# [Data section]
= = = = =

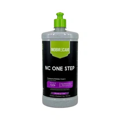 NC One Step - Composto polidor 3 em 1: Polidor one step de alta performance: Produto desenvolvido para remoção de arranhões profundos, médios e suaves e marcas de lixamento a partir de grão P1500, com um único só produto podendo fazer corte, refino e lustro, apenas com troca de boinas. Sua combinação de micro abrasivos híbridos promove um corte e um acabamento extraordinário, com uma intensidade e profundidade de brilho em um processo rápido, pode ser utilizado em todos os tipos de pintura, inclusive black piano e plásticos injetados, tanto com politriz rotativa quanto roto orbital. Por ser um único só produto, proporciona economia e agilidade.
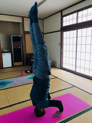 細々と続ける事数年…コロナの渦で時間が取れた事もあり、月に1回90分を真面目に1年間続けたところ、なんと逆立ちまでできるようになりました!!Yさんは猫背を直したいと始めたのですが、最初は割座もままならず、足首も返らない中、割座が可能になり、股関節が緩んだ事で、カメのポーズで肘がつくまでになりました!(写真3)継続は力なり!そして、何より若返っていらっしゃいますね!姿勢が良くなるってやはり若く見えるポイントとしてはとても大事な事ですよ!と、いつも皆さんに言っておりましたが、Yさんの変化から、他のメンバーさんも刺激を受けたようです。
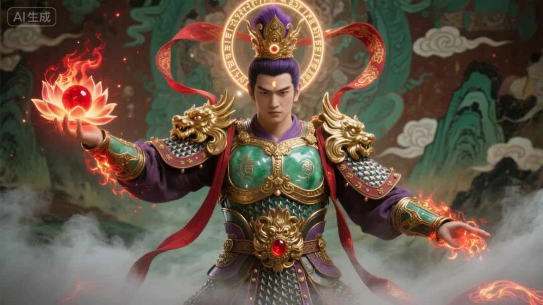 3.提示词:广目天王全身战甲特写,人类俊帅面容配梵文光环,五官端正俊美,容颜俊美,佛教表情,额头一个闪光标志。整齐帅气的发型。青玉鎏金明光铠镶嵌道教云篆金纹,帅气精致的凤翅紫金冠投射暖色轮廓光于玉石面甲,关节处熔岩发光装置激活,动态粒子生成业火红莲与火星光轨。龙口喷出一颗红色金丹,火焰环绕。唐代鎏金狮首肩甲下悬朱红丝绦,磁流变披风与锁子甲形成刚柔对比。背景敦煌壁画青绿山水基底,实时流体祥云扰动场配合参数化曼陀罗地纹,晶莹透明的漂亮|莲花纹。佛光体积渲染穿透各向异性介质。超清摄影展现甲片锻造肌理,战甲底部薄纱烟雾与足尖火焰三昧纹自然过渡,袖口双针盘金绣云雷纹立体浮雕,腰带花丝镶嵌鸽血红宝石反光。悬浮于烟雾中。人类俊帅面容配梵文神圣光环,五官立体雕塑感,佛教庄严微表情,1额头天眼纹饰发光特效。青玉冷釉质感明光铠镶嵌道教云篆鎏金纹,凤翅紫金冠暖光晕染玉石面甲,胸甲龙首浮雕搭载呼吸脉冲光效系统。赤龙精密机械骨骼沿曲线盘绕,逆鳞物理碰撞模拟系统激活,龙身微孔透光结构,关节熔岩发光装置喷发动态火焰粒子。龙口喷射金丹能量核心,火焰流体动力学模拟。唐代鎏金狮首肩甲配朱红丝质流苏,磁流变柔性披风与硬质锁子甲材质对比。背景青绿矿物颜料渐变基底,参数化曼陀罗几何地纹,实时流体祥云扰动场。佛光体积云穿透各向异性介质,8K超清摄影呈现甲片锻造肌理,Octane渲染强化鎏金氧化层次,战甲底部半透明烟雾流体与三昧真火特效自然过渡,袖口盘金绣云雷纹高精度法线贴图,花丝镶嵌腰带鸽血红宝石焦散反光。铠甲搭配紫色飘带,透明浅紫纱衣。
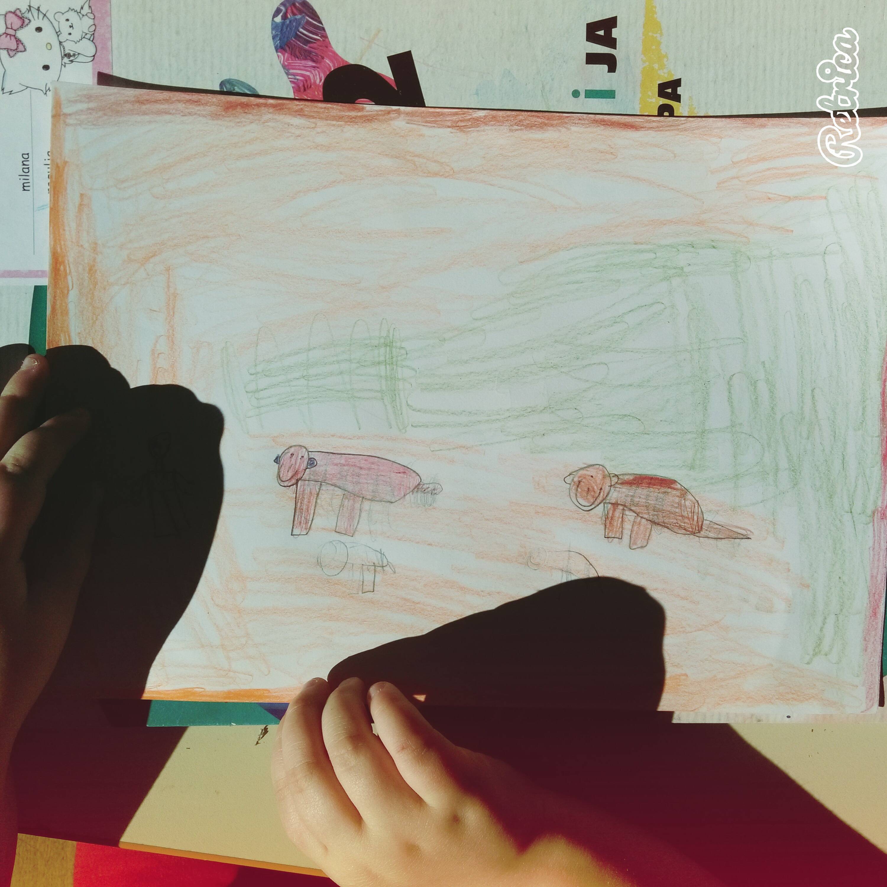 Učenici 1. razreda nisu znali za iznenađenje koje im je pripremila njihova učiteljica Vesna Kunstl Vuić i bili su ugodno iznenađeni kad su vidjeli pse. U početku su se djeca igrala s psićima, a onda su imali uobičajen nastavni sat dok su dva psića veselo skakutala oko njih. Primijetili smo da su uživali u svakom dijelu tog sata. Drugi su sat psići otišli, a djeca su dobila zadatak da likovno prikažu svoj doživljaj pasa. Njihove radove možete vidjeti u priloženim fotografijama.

= = = = =

# [Goal of the exercise]
Please keep every line of the data the same when you reproduce it, and keep every picture out.

# [Task result]
 NC One Step - Composto polidor 3 em 1: Polidor one step de alta performance: Produto desenvolvido para remoção de arranhões profundos, médios e suaves e marcas de lixamento a partir de grão P1500, com um único só produto podendo fazer corte, refino e lustro, apenas com troca de boinas. Sua combinação de micro abrasivos híbridos promove um corte e um acabamento extraordinário, com uma intensidade e profundidade de brilho em um processo rápido, pode ser utilizado em todos os tipos de pintura, inclusive black piano e plásticos injetados, tanto com politriz rotativa quanto roto orbital. Por ser um único só produto, proporciona economia e agilidade.
 細々と続ける事数年…コロナの渦で時間が取れた事もあり、月に1回90分を真面目に1年間続けたところ、なんと逆立ちまでできるようになりました!!Yさんは猫背を直したいと始めたのですが、最初は割座もままならず、足首も返らない中、割座が可能になり、股関節が緩んだ事で、カメのポーズで肘がつくまでになりました!(写真3)継続は力なり!そして、何より若返っていらっしゃいますね!姿勢が良くなるってやはり若く見えるポイントとしてはとても大事な事ですよ!と、いつも皆さんに言っておりましたが、Yさんの変化から、他のメンバーさんも刺激を受けたようです。
 3.提示词:广目天王全身战甲特写,人类俊帅面容配梵文光环,五官端正俊美,容颜俊美,佛教表情,额头一个闪光标志。整齐帅气的发型。青玉鎏金明光铠镶嵌道教云篆金纹,帅气精致的凤翅紫金冠投射暖色轮廓光于玉石面甲,关节处熔岩发光装置激活,动态粒子生成业火红莲与火星光轨。龙口喷出一颗红色金丹,火焰环绕。唐代鎏金狮首肩甲下悬朱红丝绦,磁流变披风与锁子甲形成刚柔对比。背景敦煌壁画青绿山水基底,实时流体祥云扰动场配合参数化曼陀罗地纹,晶莹透明的漂亮|莲花纹。佛光体积渲染穿透各向异性介质。超清摄影展现甲片锻造肌理,战甲底部薄纱烟雾与足尖火焰三昧纹自然过渡,袖口双针盘金绣云雷纹立体浮雕,腰带花丝镶嵌鸽血红宝石反光。悬浮于烟雾中。人类俊帅面容配梵文神圣光环,五官立体雕塑感,佛教庄严微表情,1额头天眼纹饰发光特效。青玉冷釉质感明光铠镶嵌道教云篆鎏金纹,凤翅紫金冠暖光晕染玉石面甲,胸甲龙首浮雕搭载呼吸脉冲光效系统。赤龙精密机械骨骼沿曲线盘绕,逆鳞物理碰撞模拟系统激活,龙身微孔透光结构,关节熔岩发光装置喷发动态火焰粒子。龙口喷射金丹能量核心,火焰流体动力学模拟。唐代鎏金狮首肩甲配朱红丝质流苏,磁流变柔性披风与硬质锁子甲材质对比。背景青绿矿物颜料渐变基底,参数化曼陀罗几何地纹,实时流体祥云扰动场。佛光体积云穿透各向异性介质,8K超清摄影呈现甲片锻造肌理,Octane渲染强化鎏金氧化层次,战甲底部半透明烟雾流体与三昧真火特效自然过渡,袖口盘金绣云雷纹高精度法线贴图,花丝镶嵌腰带鸽血红宝石焦散反光。铠甲搭配紫色飘带,透明浅紫纱衣。
 Učenici 1. razreda nisu znali za iznenađenje koje im je pripremila njihova učiteljica Vesna Kunstl Vuić i bili su ugodno iznenađeni kad su vidjeli pse. U početku su se djeca igrala s psićima, a onda su imali uobičajen nastavni sat dok su dva psića veselo skakutala oko njih. Primijetili smo da su uživali u svakom dijelu tog sata. Drugi su sat psići otišli, a djeca su dobila zadatak da likovno prikažu svoj doživljaj pasa. Njihove radove možete vidjeti u priloženim fotografijama.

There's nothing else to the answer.